О теоретической возможности роста протестных настроений в 70-х можно было судить по данным демографического роста в стране в целом и, особенно, на юго-востоке. Ключевым, в связи с этим, представлялся рост студенчества: как свидетельствует Макдауал, со 100 до 150 тыс. (только за период 1965-1969 гг.). В то же время число доступных ежегодно мест для зачисления было совершенно недостаточно. Даже к концу 70-х, в 1977 г. имелось лишь 60 тыс. мест в высших учебных заведениях при наличии 360 тыс. потенциальных кандидатов. Как следствие этого имел место рост безработицы: даже по официальным данным, она возросла более, чем в два раза в период 1967-1977 гг. (с 600 тыс. до 1,5 млн.) [McDowall, 2005, p. 413]. Все эти обстоятельства представляли собой среду, в которой естественным образом вспыхивали радикальные, экстремистские лозунги: причём как левого, так и правого толка. Так, в период между осенью 1973 г. и летом 1977 г. в столкновениях между левыми и правыми было убито не менее 447 студентов и на следующий год – в двухмесячный период, предшествовавший всеобщим выборам в июне – погибло ещё 70 [McDowall, 2005, p. 414].
В 1967 г. курды ТРП, «Дев Генч» и других молодёжных курдских ассоциаций организовали массовые митинги, численностью в 10 тыс. чел. в Сильване и 25 тыс. чел. в Диярбакыре, протестуя против подавления курдов и выступая за предоставление равных демократических прав. Это было первое серьёзное неповиновению государству начиная с 1938 г., но более значимо то, что это был первый массовый вызов государственной власти со стороны урбанизированного курдского населения. Он свидетельствовал о – во многом уже свершившемся – смещении общественной мобилизации от традиционных авторитетов к городским, образованным студентам, в числе которых были, в т.ч., представители аристократических фамилий: отвергавшие те методы управления, которые практиковали их предки (как упомянутый Фаик Буджак). Переворот 1971 г. и государственный террор против Курдистана спровоцировали глубокое разочарование в левых и курдских националистических кругах: отчасти потому что они были загнаны в подполье, отчасти потому, что основные их группы были лишены единства (прежде всего единого лидерства, т.е. бесспорных авторитетов), отчасти потому что СССР не оказал им никакой деятельной поддержки. Тем не менее, ввиду упомянутых выше объективных обстоятельств (прежде всего демографии), 70-е гг. стали периодом быстрого роста множества левых организаций, возникновения курдского национального движения как такового.
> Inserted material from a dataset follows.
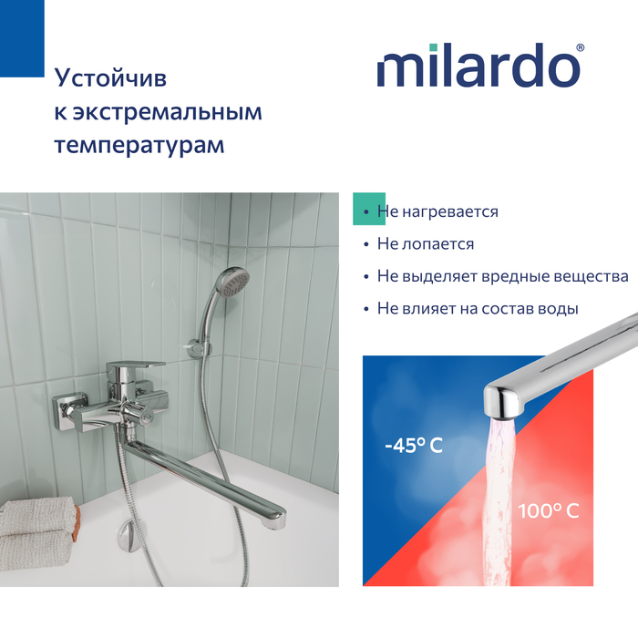 Высокая ударопрочность сохраняется даже при экстремально низких температурах, что помогает подготовиться к дачному сезону в любых условиях или избежать протечек при отключении горячего водоснабжения в квартире.

В качестве примеров левых революционных террористических группировок следует упомянуть Армию освобождения турецкого народа (АОТН) и Фронт народного освобождения (ФНО), которые возникли в 1971 г. Им и подобным им левым группировкам, в свою очередь, противостояли правые группы, наиболее известной из которых являются «Серые волки» (Bozkurt), тесно связанные с Партией националистического действия (ПНД) и её бессменным руководителем Альпарсланом Тюркешем. Следует отметить, что эти группы вели борьбу против левых при, по сути, негласном попустительстве правительства. Силы госбезопасности возобновили свои операции в Курдистане, по-видимому (под предлогом) сдержать насилие, но, по сути, закрывали глаза на деятельность правых. К концу 1978 г. в восточных провинциях погибало от 20 до 30 человек ежедневно [McDowall, 2005, p. 415]. Курдистан также стал горячей точкой этого противостояния. Причиной этого был страх аг перед социальными и экономическими преобразованиями, исходившими из теории – и практики – левых экстремистов.
Также следует отметить, что существуют веские свидетельства в пользу того, что «Серые волки» были одним из элементов международной тайной сети «Гладио» (турецкая ветвь – «Контргерилья») которая охватывала все страны НАТО и ставила своей целью борьбу против левого движения и противодействие СССР на случай военного вторжения в Европу. Существование этой сети в Турции в означенный период, в частности, было признано премьер-министром Бюлентом Эджевитом [Özel Harp..., 2008]. Ничего подобного не было в Ираке, который вышел из Багдадского пакта сразу после Июльской революции. Данный фактор – уже, по сути, международного вмешательства, давления – также отразился на специфике левого движения в Турции. Можно сказать, что турецкие правые качественно отличались от левых, как минимум, в трёх отношениях: они представляли собой дисциплинированную структуру; их руководство было централизовано; они пользовались негласной поддержкой правительства. Так установлено, что 54% всех задержанных в означенный период приходилось на левых радикалов, правых – лишь 14% [McDowall, 2005, p. 416].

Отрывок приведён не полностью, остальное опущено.